Word for word, restate the lines of the listing below from the line with "anzeigen | |" through the line with "L’alerta sanitària per", and do not include the pictures.

# Dataset entries
-- Opening Marker --
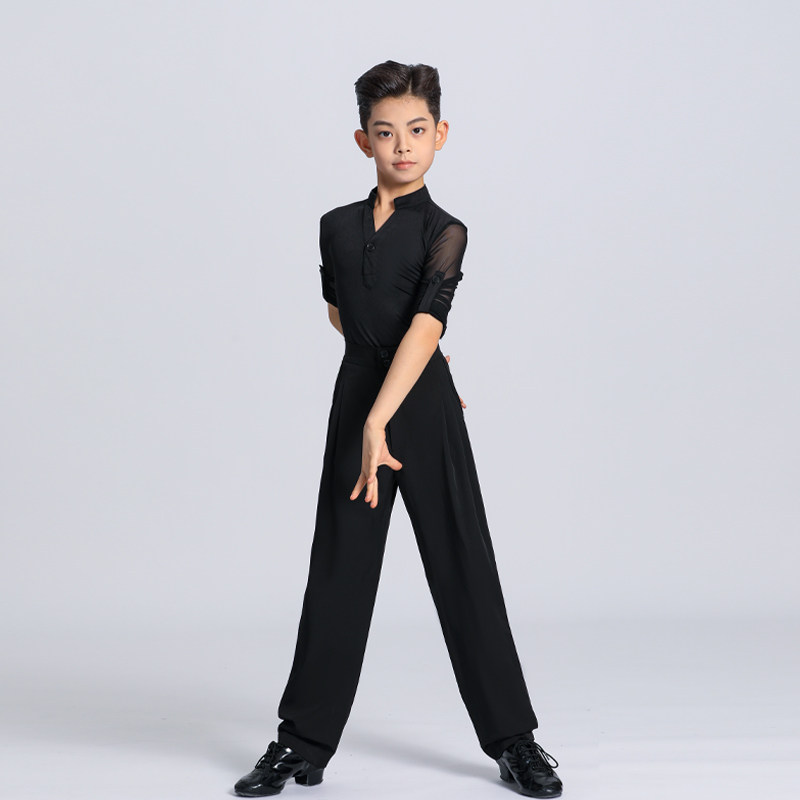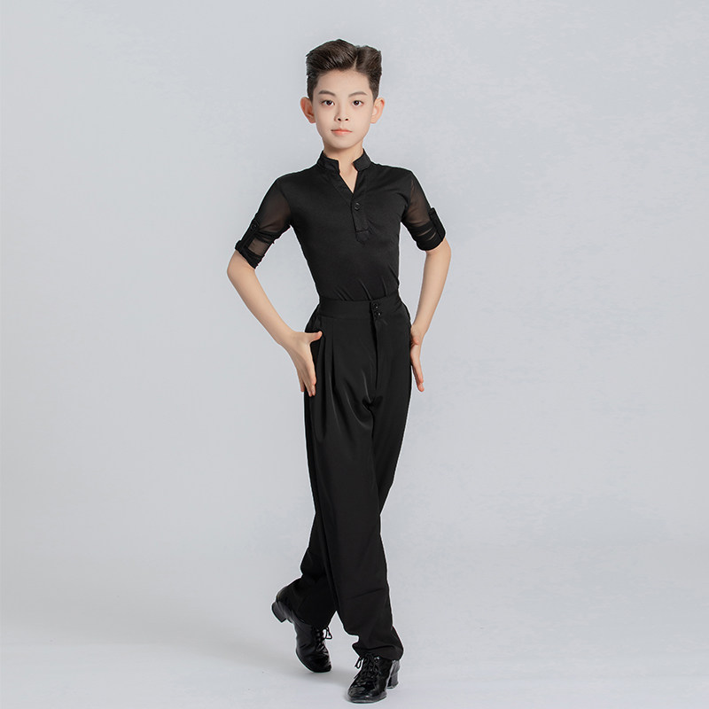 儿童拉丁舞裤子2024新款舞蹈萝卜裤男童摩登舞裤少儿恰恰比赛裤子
-- Closing Marker --
-- Opening Marker --
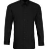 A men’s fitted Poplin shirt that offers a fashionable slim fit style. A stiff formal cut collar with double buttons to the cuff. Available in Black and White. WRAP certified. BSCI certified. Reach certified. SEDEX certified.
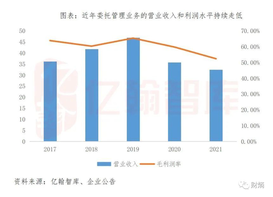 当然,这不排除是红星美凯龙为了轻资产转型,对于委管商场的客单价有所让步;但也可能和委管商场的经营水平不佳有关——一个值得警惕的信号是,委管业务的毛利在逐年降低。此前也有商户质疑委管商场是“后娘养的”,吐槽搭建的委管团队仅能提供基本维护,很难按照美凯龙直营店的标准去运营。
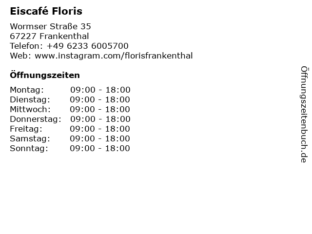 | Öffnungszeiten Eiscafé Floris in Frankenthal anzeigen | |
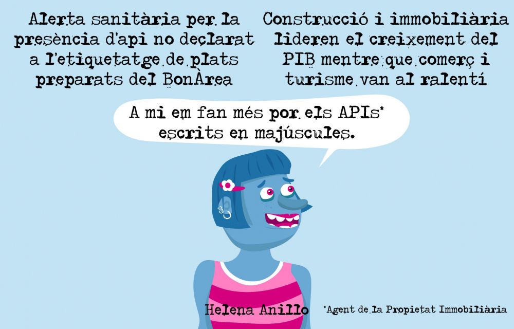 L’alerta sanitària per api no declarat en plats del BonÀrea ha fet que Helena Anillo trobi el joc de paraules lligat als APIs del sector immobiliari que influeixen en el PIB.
-- Closing Marker --
# Response area
 | Öffnungszeiten Eiscafé Floris in Frankenthal anzeigen | |
 L’alerta sanitària per api no declarat en plats del BonÀrea ha fet que Helena Anillo trobi el joc de paraules lligat als APIs del sector immobiliari que influeixen en el PIB.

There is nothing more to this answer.